Dr. Jeffrey Gladden: So, messenger RNA and RNAs, in general, tend to be fairly fragile. Proteins are reasonably sturdy. RNA is actually not so sturdy, and we do some transcriptomics in our practice and some other things, and collecting the RNA and actually preserving it to get it to the lab work where it can actually be analyzed can be a challenge at times. But I think we have that figured out. Point being, though, how are you handling this product? Are you freezing it? How do you take care of the fragility that's in there?

Dr. Ian White: Yeah, that's a really great point, and I never get that question. So, that's a really good question. RNA is very labile. It breaks down very easily. RNA is all over the place. And that's very important for evolution because if it weren't and you got an aberrant signal that could be perpetuated, you could end up getting some very serious diseases. So, it's very important that the body has a way to break down RNA, which is the direct conduit to making the protein, which is the functional aspect of the cell. DNA, of course, can last for millions of years.

If anybody's familiar with Jurassic Park, they're familiar with the idea that DNA is not labile and very stable, the same with a lot of proteins. They're very stable, especially if you don't heat them. But RNA is very, very labile. And what's fascinating and why this works is because of the extracellular vesicles that these RNAs are packaged into. So, these EVs form a phospholipid bilayer, which is protective and doesn't allow the RNAs in. And so, that's what allows the signals, what we call cargo, to move around the body without being degraded.
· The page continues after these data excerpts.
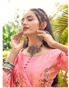
She considers herself fashionable and see luxury brands as necessary components of updating her lifestyle.
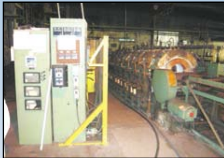
Selas Gas Fired Furnace
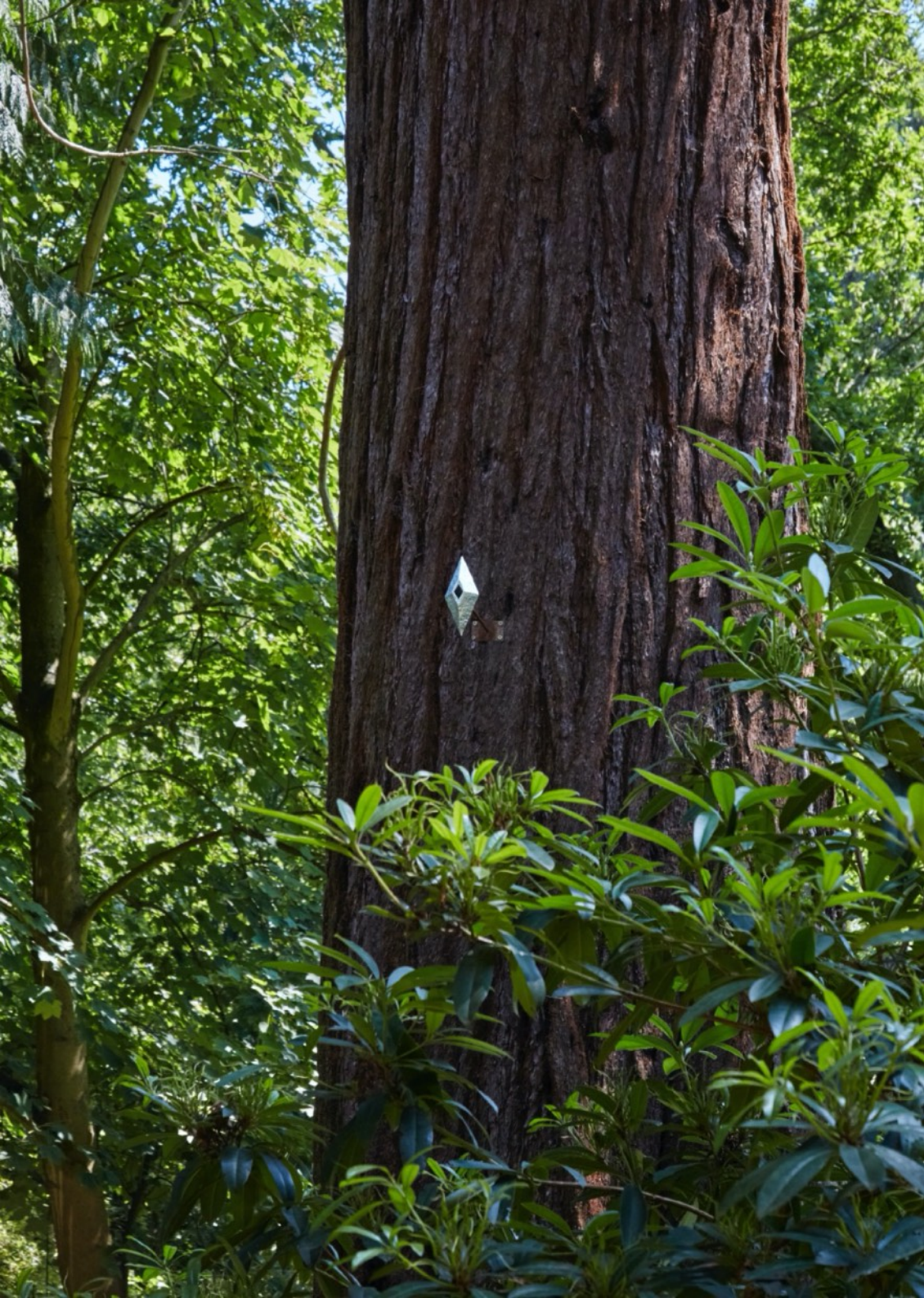
VICTOR SEAWARD Diamond Nest , 2020 Silver leaf on 3D printed ASA 20 x 9 x 9 cm 8 x 3 1/2 x 3 1/2 in.
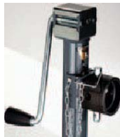
500105 1 & 5K 6.50" Radius 500171 7K 8.50" Radius
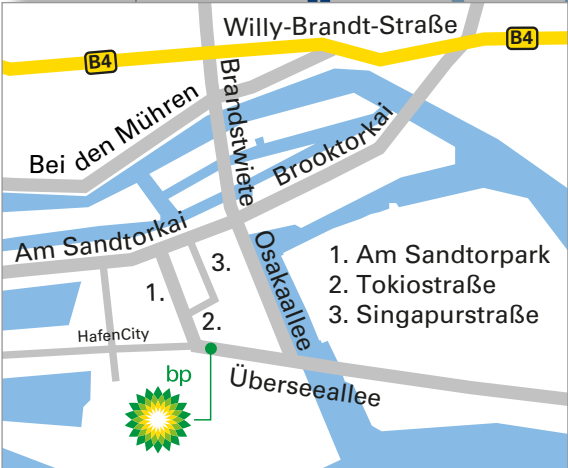
BP building location map
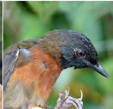
107 Formicarius rufipectus Ad CM
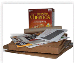
Newspapers, Mail, Cereal Boxes, Magazines and Flattened Cardboard
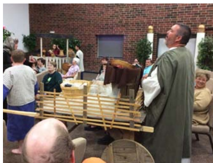
The market place in Jerusalem
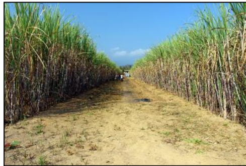
Looking west down "Main Street"

Many people are coming from great distances to look at our amazing crop, taking photos and asking how the crop was planted, cultivated, and so on.
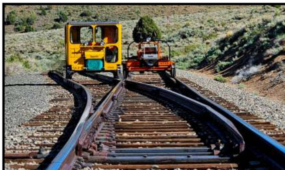
INCORRECT OPERATING PRACTICE: Switch Lined for Orange Track Car, Yellow Track Car Fouling Adjacent Track.
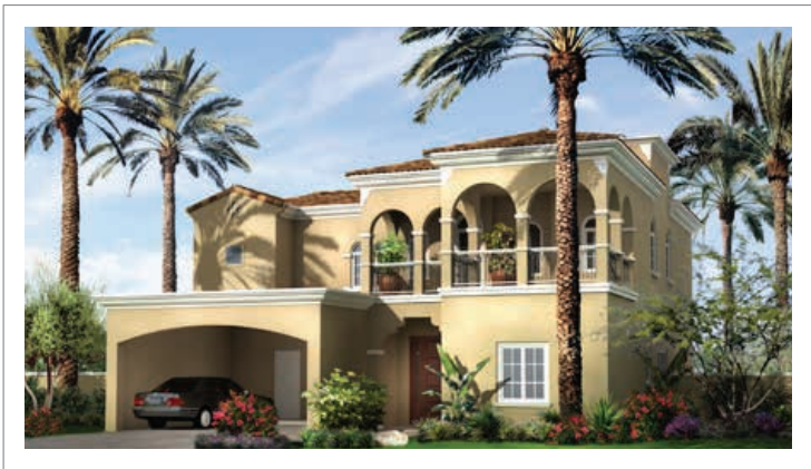
Villa Type B3 5 Bedrooms Total Area: 4317 Sq Ft

Note: Room dimensions shown are in feet and total area in square feet. All materials, dimensions and drawings are approximate. Actual usable floor space may vary from the stated floor plan. The developer reserves the right to make revisions to the floor plans. E&OE
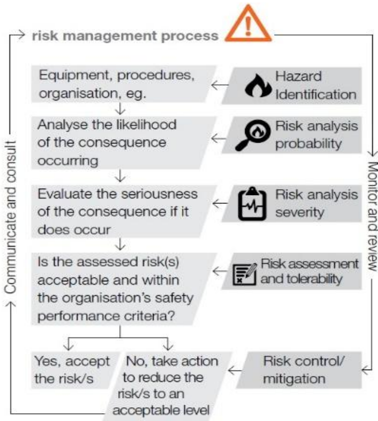
Figure 1: Risk assessment process

To assist with the conduct of the RA the operator has referenced the CASA SMS-3 booklet and has utilised the RA process outlined on page 5 of the booklet as reproduced below.
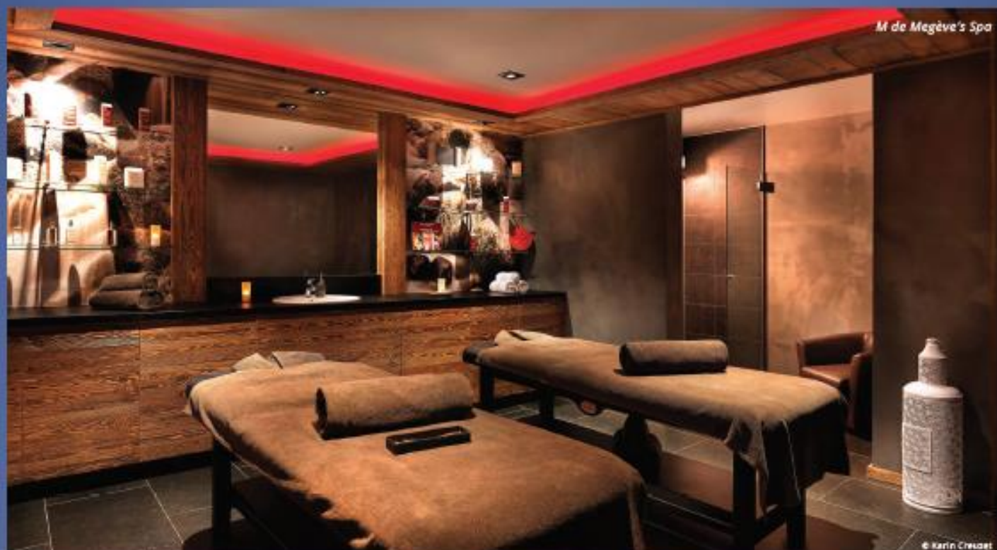
M de Megève's Spa

The M de Megève takes you on a horse-drawn carriage ride for a romantic moment in the heart of the village, the M de Megève offers guests an unforgettable ride in its horse-drawn carriage. Standing proudly in front of the 5* hotel, the carriage is decorated with the hotel's colours. Snuggle down under a woolen Arpen rug and enjoy the ride in the carriage, with its driver, pulled by Harmonie, the Swiss mare, brought up on Megève's high mountain pastures.
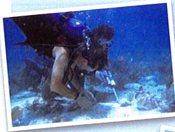
Coral reef restoration (FWS)
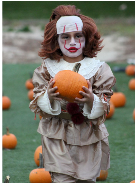
In addition to giving out candy, a pumpkin patch was created for the perfect Jack-o-lantern.
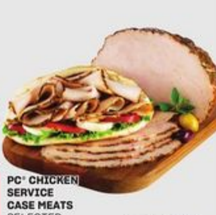
PC® CHICKEN SERVICE CASE MEATS SELECTED VARIETIES POULET PC™ POUR LE COMPTOIR DE SERVICE 20301114_KG
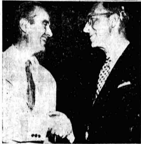
SHAKE HANDS AND COME OUT FIGHTING —Mutual Security Director W. Averill Harrington, (left) and Senator Estes Kefauver shake hands at Washington, D. C., as they wind up their campaigns for the District's six Democratic convention votes.
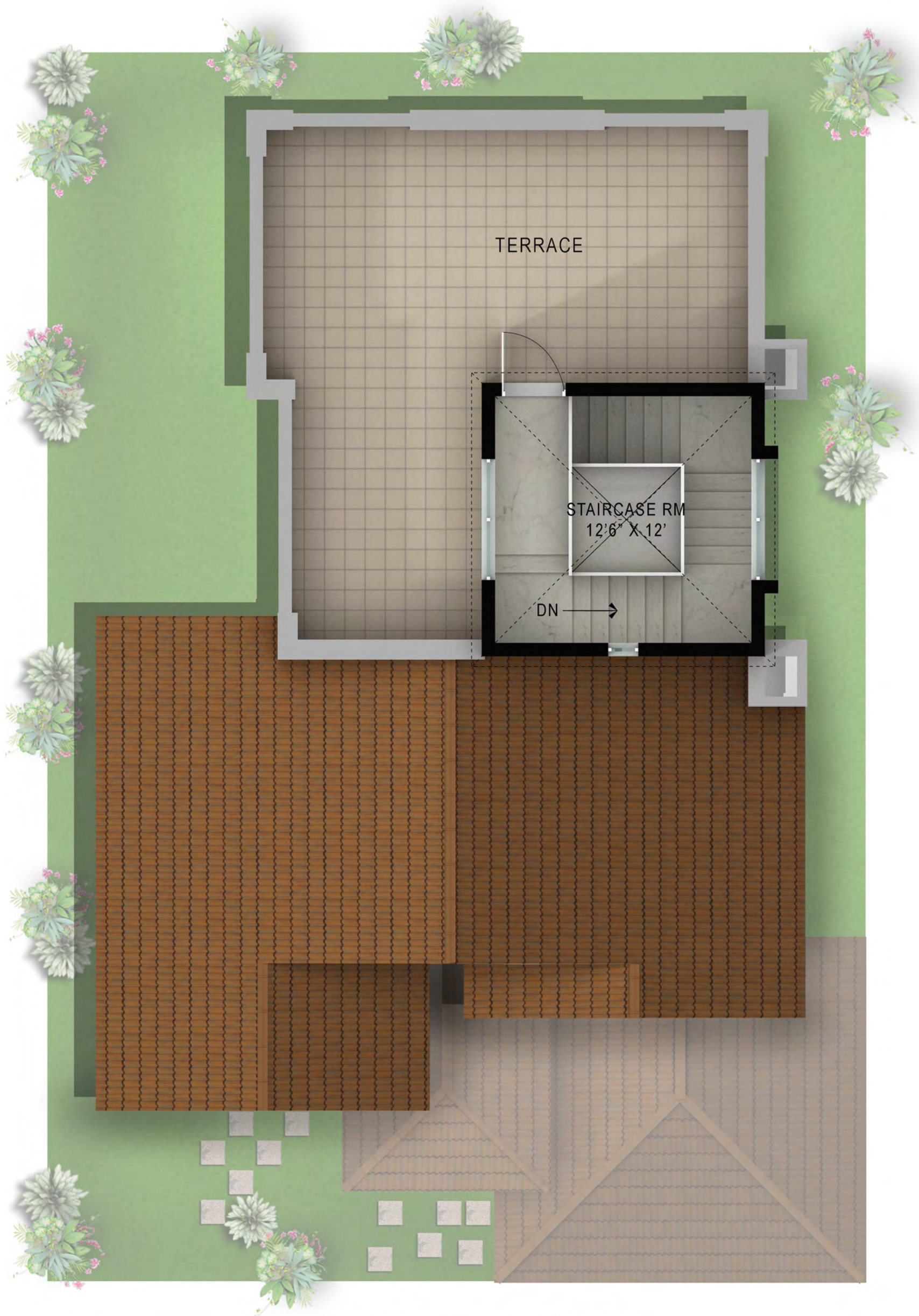
TERRACE FLOOR PLAN VILLA 40 X 60

And then, when it reaches the target cell, it's liberated through a process of Laplace's law, which allows a small vesicle to deliver cargo to a larger recipient, which is the cell, the membrane's fused, the cargo's delivered, and then the RNA is able to be translated.

Dr. Jeffrey Gladden: Beautiful. So, one of the things in using plasma and some other things, and I'm assuming biologic tissue and that thing, is there any issues with rejection or antigenic stimuli that comes from this where the immune system gets fired up because it's seeing something that's not... is it from somebody else's placenta or somebody else's amniotic fluid or something like that? Are there any concerns or conditions that you've seen related to that?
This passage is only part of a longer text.